The accuracy results presented by this prediction show a value of 0.65375. The values of X_train and X_test indicated that 5600 and 2400 values are taken respectively. After applying the logistic regression model and obtaining its percentage of precision, the random forest classification algorithm was applied to the dataset. In this regard, various authors [26, 31] confirm that the random forest classifier is an effective tool for the prediction processes.

This classifier is also considered as a nonparametric statistical method that allows to address regression and classification problems of two or more classes. The recent research of Scornet et al. [50] cited by [26] demonstrates the coherence of RF and its performance parameters is very low.

In [4] random forest is defined as follows: “… a random forest is a classifier consisting if a collection of tree-structured classifiers {h (xk), k = 1,…} where the {Θk} are independent identically distributed random vectors and each tree casts a unit vote for the most popular class at input x…”.

The values that were generated in the prediction show an accuracy of 0.6425 for a total of 5600 records used as training data and 2400 for the test data model. The difference in the effectiveness of each is 0.0125 with a more optimal result of the logistic regression model when 70% of the data was used for training and a 30% for the tests in each machine learning algortihm. A predecition of failure (1) was obtained, malfunctions tended to occur in equipment that was between 15 and 30 years old.

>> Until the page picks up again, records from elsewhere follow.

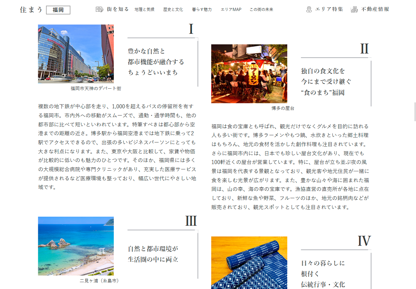 大和ハウス工業さまによる、住まう場所として魅力を発信する地域紹介コンテンツ[住まうシリーズ]のリニューアルを担当しました。シリーズ全体のコンセプト設定とベースとなるエリアのウェブサイトを公開後に、これまで北海道・沖縄・福岡・京都・滋賀・金沢の各エリアへ展開を拡大しています。
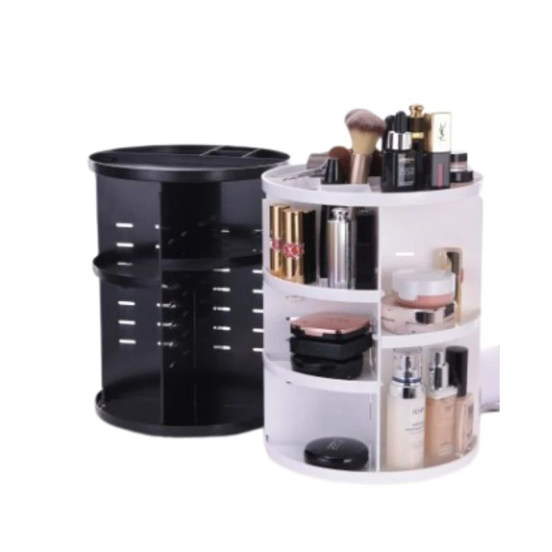 Ez a praktikus, szögletes kialakítású sminktároló állvány ideális megoldás a kozmetikumok, sminkkellékek és parfümök rendszerezett tárolására. A 360°-ban forgatható funkcióval minden könnyen elérhetővé válik, miközben átlátható és helytakarékos kialakítása rendet biztosít a fürdőszobában vagy a sminkasztalon.
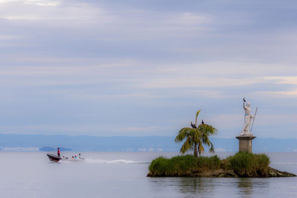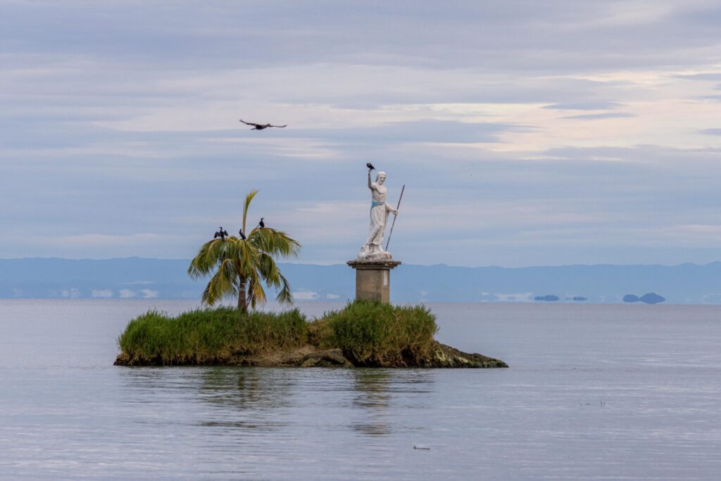 Como ya había averiguado en mi primera visita a esta localidad, no es que haya monumentos ni sitios históricos de gran importancia que visitar, lo importante aquí es la cultura y la tradición. Sin embargo, en medio de la Bahía de Amatique, donde se encuentra esta población, hay una estatua de “El Salvador del Mundo” construida sobre unos peñones rodeados de agua. Desde lo lejos parece más un Poseidón que una estatua católica, pero no podía irme sin acercarme para verla en persona.
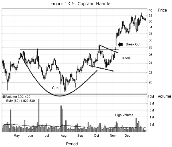 This is a pattern on a bar chart that can be as short as 7 weeks and as long as 65 weeks. The cup is in the shape of a U. The handle has a slight downward drift. The right hand side of the pattern has low trading volume. As the stock comes up to test the old highs, the stock will incur selling pressure by the people who bought at or near the old high. This selling pressure will make the stock price trade sideways with a tendency towards a downtrend for 4 days to 4 weeks, and then it takes off. It looks like a pot with handle. Investors have made a lot of money using this pattern, which is one of the easier to detect. An example is illustrated graphically as follows:

5 Conclusions and Future Work

The proposed prediction model still in its early stage of development. This allows for the implementation of other machine learning techniques and for the use of larger datasets obtained from sensors networks installed in order environment. The results for the dataset used in this case study, show that the precision of the logistic regression model is similar to that of random forest, in predicting malfunction in the HVAC system.

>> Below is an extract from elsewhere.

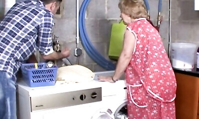 German aged Granny Erika 73 seduce to Tear Up in kitchen by Young Guy
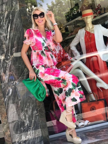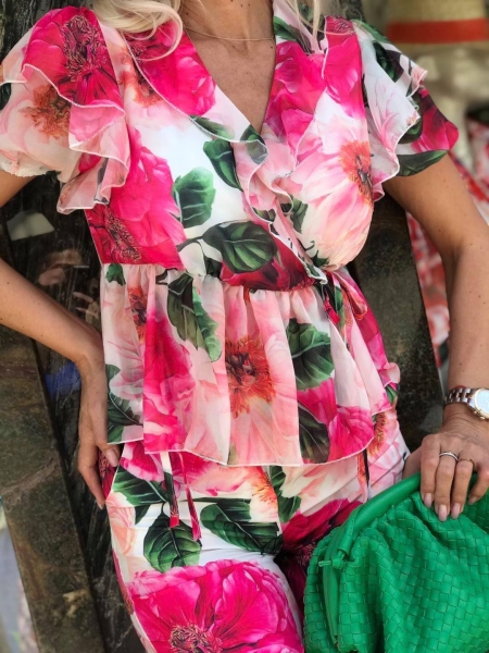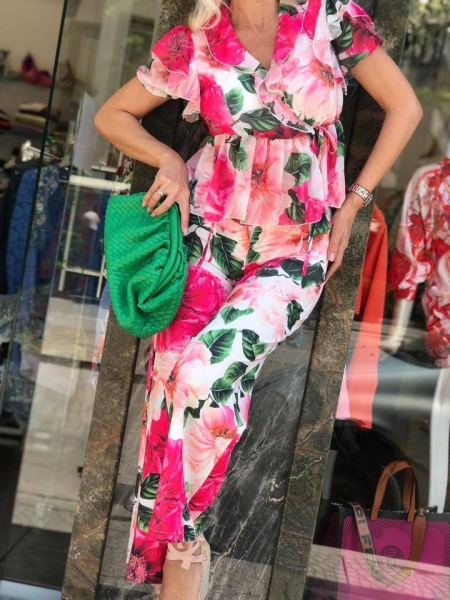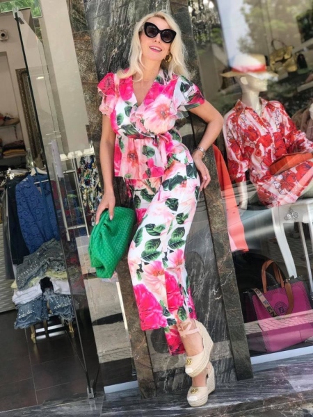 Комплект с флорален десен от тунка материя.Горната част е скъсен топ модел "прегърни ме".Панталона е с висока талия и свободни крачоли.

The modeling and integration of the large volumes of industrial data that are generated by machines and collected by sensors, is a clear problem that still needs to be addressed in future researches. Thus, testing with other machine learning methods for classification, training and prediction. These test will provide the grounds for the development of algorithms that generate predictive models adapted for organizations, in the context of Industry 4.0.